Making use of artificial intelligence, a team of scientists from the Boston College have shed light on the differences in the behaviour of people with Autism Spectrum Disorder (ASD) and its link with neuroanatomy. Autism or ASD is a complicated condition that is characterised by difficulties with communication and behaviour including problems with social interaction, and restricted and repetitive patterns in interests and activities. The condition affects people differently, both in terms of neuroanatomy and symptoms. Studies have earlier suggested that there might be no single set of neuroanatomical correlation that is common in all autistic people.

Explaining the findings of the new report published in the journal Science, co-author of the study and a Boston College post-doctoral researcher, Aidas Aglinskas said, “We found that different people with ASD can have different brain areas affected, and thanks to the AI-simulated brains, we were able to identify which specific brain regions vary among ASD individuals.”

Aglinskas added that they separated ASD-related variation from the unrelated variation that helped unravel links between individual differences in brain anatomy and symptoms. The team of scientists has studied magnetic resonance imaging data of over 1,000 people with autism using artificial intelligence (AI). They, then, compared the images to AI-generated simulations that showed how the brains would look if they had not been affected by ASD.

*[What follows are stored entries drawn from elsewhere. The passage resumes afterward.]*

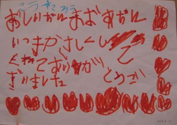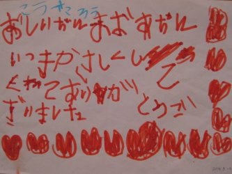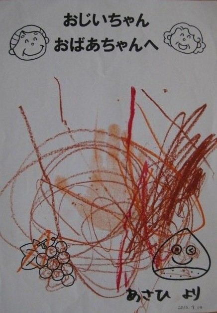 光汰朗が書いたお手紙には | 「おじいちゃん、おばあちゃん、いつも やさしくしてくれてありがとうございました」と 書いてあった。 初めての子だった有佳里の時は 字を遊びながらママが 教えている様子を見た事があったが光汰朗はなかった。 自分で覚えたのだろうか? いつの間にか字が書けるようになっていたんだね。 すごい! 朝大の絵は →ここ 何を描いたのかな?(笑) 柑太の絵は、おじいちゃんとおばあちゃの顔を描いてくれたんだね。 貞治は親の血をひいたのか 絵を描くのが苦手だった。 小学校1年生の遠足で描いた絵が、何の絵か分からなかったので聞くと「おにぎり」との事。 白い画用紙に白いクレヨンで描いた真ん中に赤のクレヨンで描いた丸が。。 白いクレヨンがご飯で赤いクレヨンが鮭なのかと納得し、大笑いした記憶がある。 それに比べれば、柑太は数段、上手な絵を描いているね。 髪の毛もおばあちゃんの方が長く描いているもの。 観察力がある。(笑)
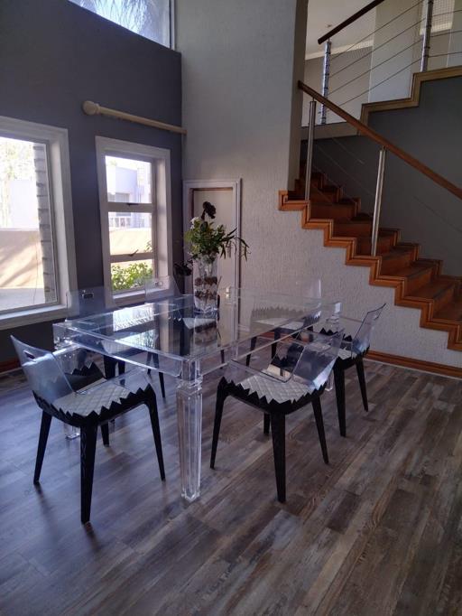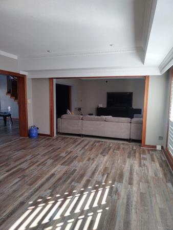 Double story house in a in closed street. When you enter this house it stays hello to you. The house is like two houses, for a very big family. On the ground floor there is a beautiful big kitchen with lot of cupboards, breakfast nook, scullery and a pantry. The laundry is separate, enough place for all your washing equipment''s. 3 Living areas - dining room, family room with a bar and a big lounge. Out of the lounge you enter a room - there is a Jacuzzi, sauna room and a toilet. Out side is a build in braai and a small swimming pool. There is a guest toilet and a guest room with it own bathroom. Up stairs there is 4 bedrooms, main bedroom en-suite and another full bathroom. All the rooms have build in cupboards and lead with sliding doors to the patio.There is also 2 living areas and a cinema.
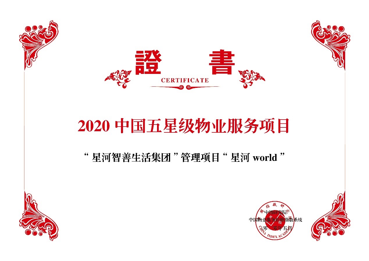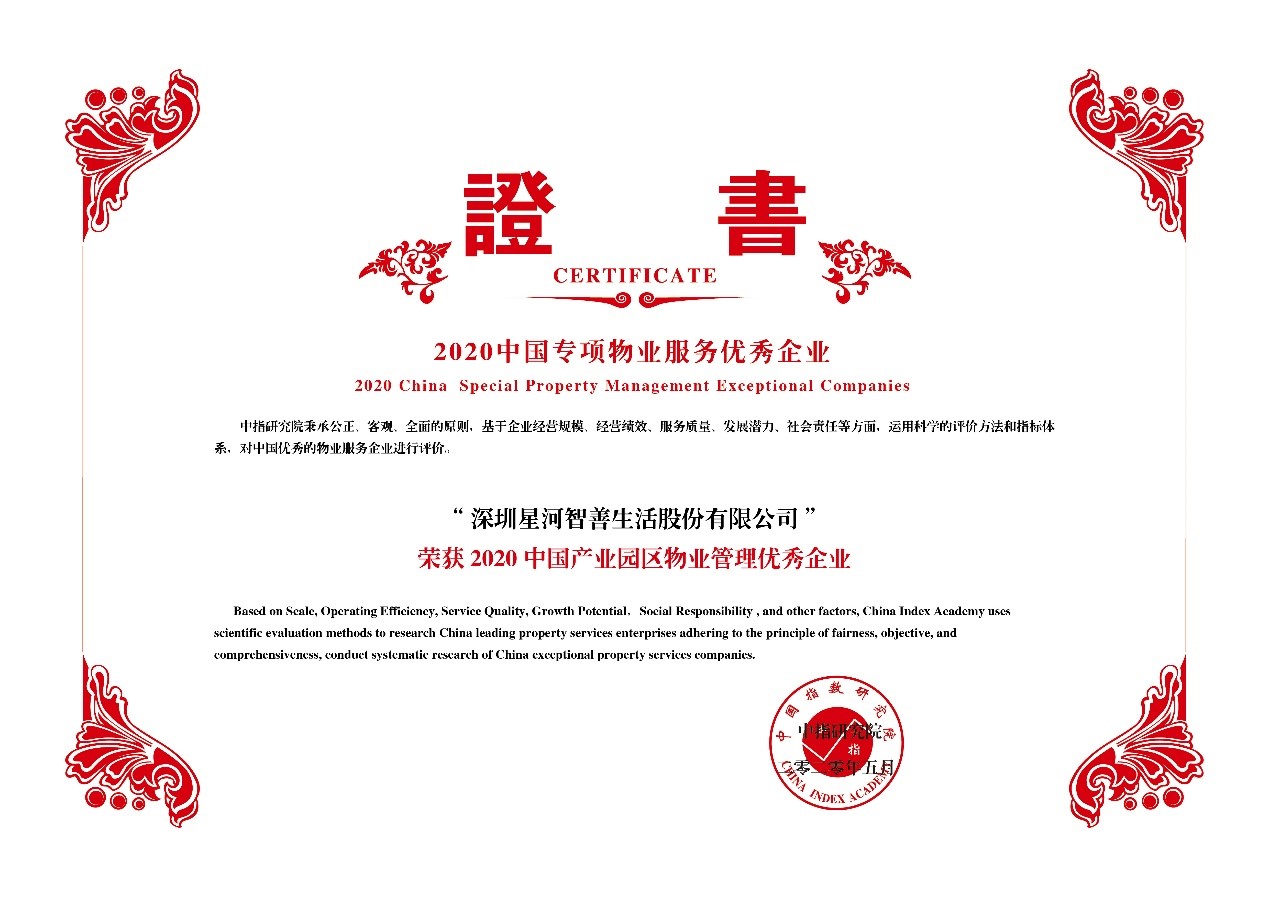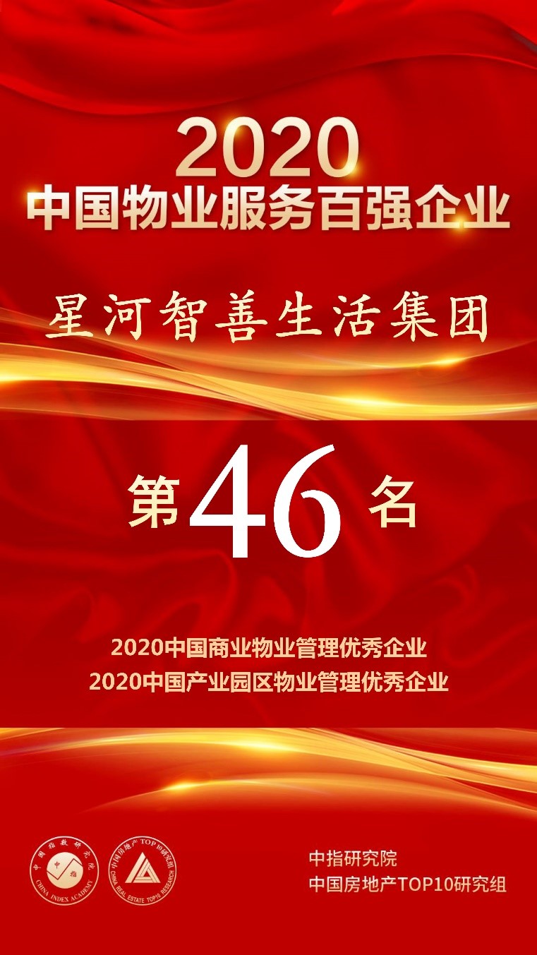 5月13日,由中国指数研究院、中国房地产TOP10研究组共同主办的“2020中国物业服务百强企业研究成果发布会暨第十三届中国物业服务百强企业家峰会”在北京隆重召开。星河智善生活凭借强劲的综合实力、高质量的服务品质、优秀的服务口碑,荣膺“2016-2020连续五年中国物业服务百强企业”,位列第46名,“2020中国产业园区物业管理优秀企业”和“2020中国商业物业管理优秀企业”。同时,在管项目深圳星河world和常州星河丹堤荣获“2020中国五星级物业服务小区”。

According to Aglinskas, ASD-specific neural alterations in the brain are hard to identify. He added that brains are different due to many factors including genetic variations, and not due to ASD. However, AI helped the team tackle this problem and identify neural pathways specifically affected by ASD.

The neuroscientists explored the links between ASD-specific features of brain anatomy and the symptoms. Aglinskas has highlighted that despite observing MRI data from 1103 participants, they could not group individuals into categorical subtypes. But, he also stressed the possibility of finding subtypes with other kinds of brain measurement like functional imaging.

Now, according to Boston College Assistant Professor of Neuroscience, Stefano Anzellotti, the team is aiming at using AI tools to expand the research beyond brain structure and better understand ASD diagnosis.